◆ WHAT TO PRODUCE
Exact copies of the lines below are the goal; any images in them are dropped.

◆ STORED DATA
* * * * *

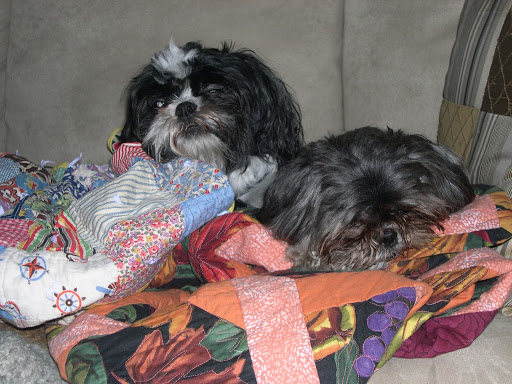 I don't think that my dogs or cats have caused anymore–and maybe less–wear and tear than if a kid was using my quilts and my two dogs are 100 pounds each. They are my quilting buddies.
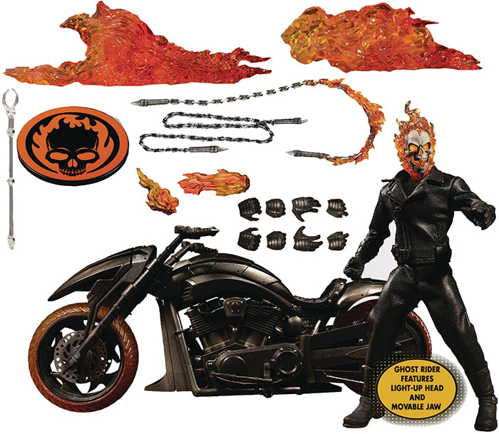 Description: From Mezco Toys. The Ghost Rider joins the One:12 Collective along with his Hell Cycle, featuring a light-up function, removable flames, and sound feature! The One:12 Collective Ghost Rider is outfitted in motorcycle gear from head to toe: a black shirt under his leather-like jacket, leather-like pants, motorcycle-riding boots, and gloves. The Spirit of Vengeance comes complete with a light-up head portrait that flickers, achieving a realistic flame effect. Ghost Rider is equipped with his lethal Hellfire Chain that he can hold, as well a poseable, real metal chain. The Hell Cycle features a light up function which illuminates the removable flame effects, and a revving sound feature. Ghost Rider can sit atop the Hell Cycle and hold on to both handles. Each figure is packaged in a collector friendly box..
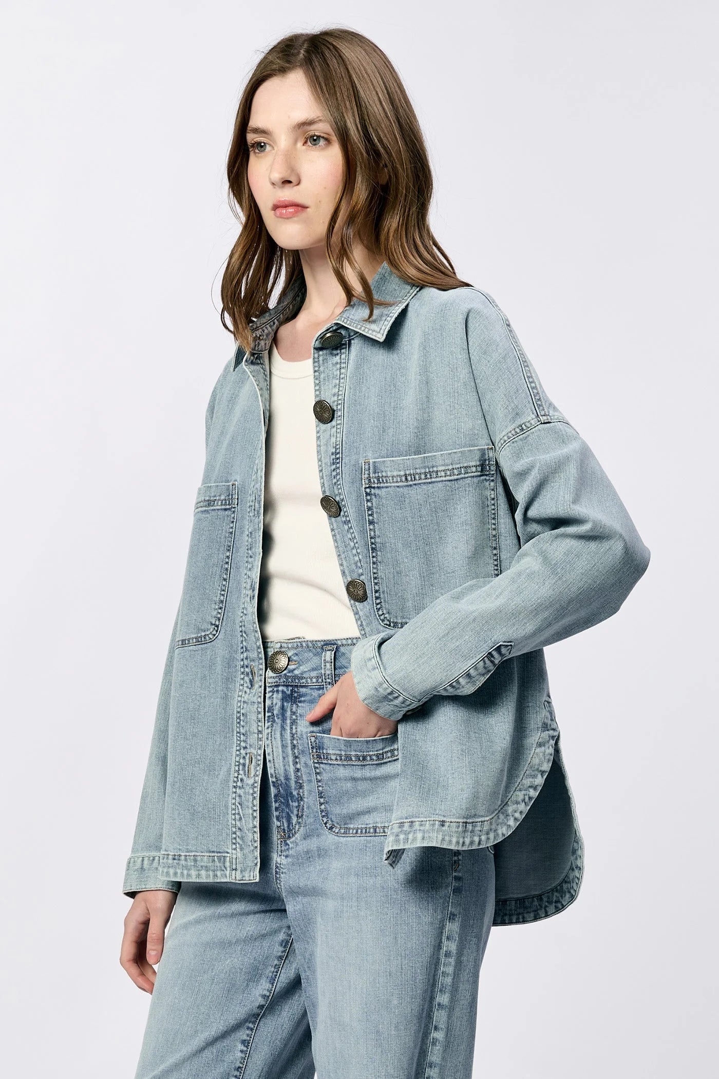 Gina denim shirt jacket is the stable piece combines long sleeves with practical pocket details and a clean hemline for a chic yet functional look. Crafted from blended cotton and spandex, this jacket offers relaxed fitting that is both stretch and comfort, ideal for versatile outfits. Perfect to go with all ensemble pairings.
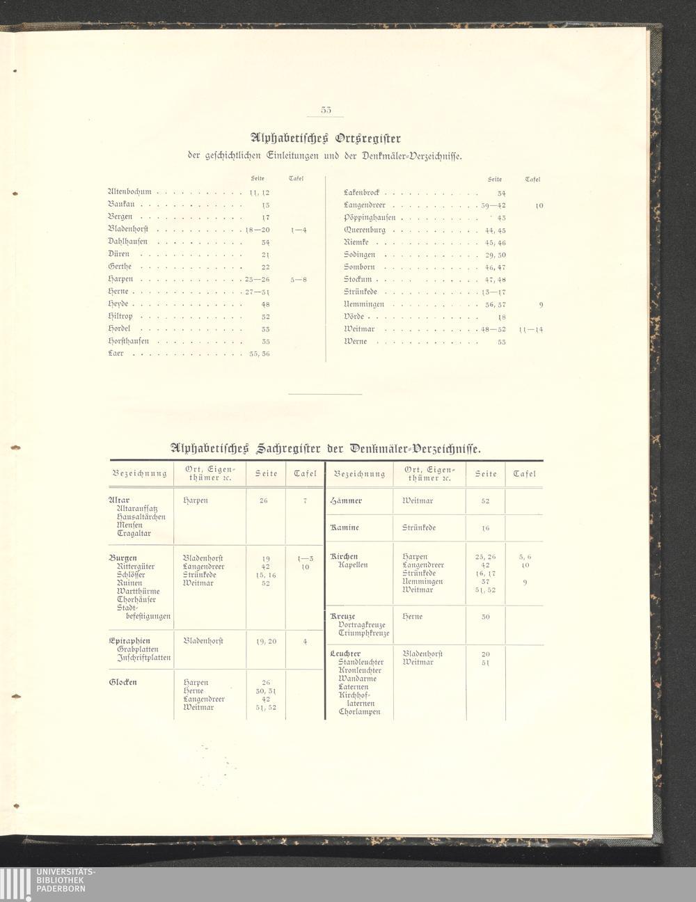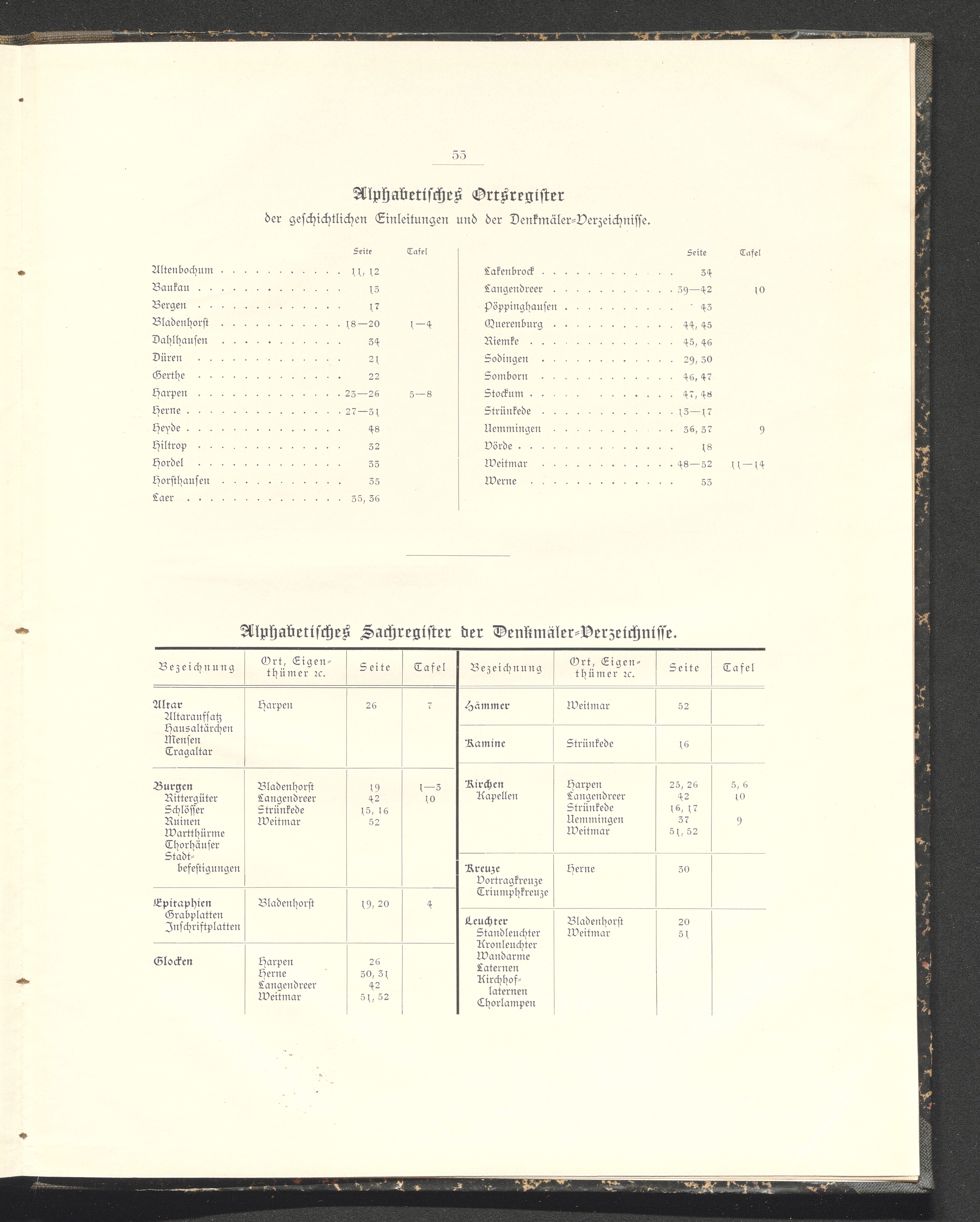 Alphabetisches Sachregister der Denkmäler-Verzeichnisse.

* * * * *

◆ RESPONSE
 I don't think that my dogs or cats have caused anymore–and maybe less–wear and tear than if a kid was using my quilts and my two dogs are 100 pounds each. They are my quilting buddies.
 Description: From Mezco Toys. The Ghost Rider joins the One:12 Collective along with his Hell Cycle, featuring a light-up function, removable flames, and sound feature! The One:12 Collective Ghost Rider is outfitted in motorcycle gear from head to toe: a black shirt under his leather-like jacket, leather-like pants, motorcycle-riding boots, and gloves. The Spirit of Vengeance comes complete with a light-up head portrait that flickers, achieving a realistic flame effect. Ghost Rider is equipped with his lethal Hellfire Chain that he can hold, as well a poseable, real metal chain. The Hell Cycle features a light up function which illuminates the removable flame effects, and a revving sound feature. Ghost Rider can sit atop the Hell Cycle and hold on to both handles. Each figure is packaged in a collector friendly box..
 Gina denim shirt jacket is the stable piece combines long sleeves with practical pocket details and a clean hemline for a chic yet functional look. Crafted from blended cotton and spandex, this jacket offers relaxed fitting that is both stretch and comfort, ideal for versatile outfits. Perfect to go with all ensemble pairings.
 Alphabetisches Sachregister der Denkmäler-Verzeichnisse.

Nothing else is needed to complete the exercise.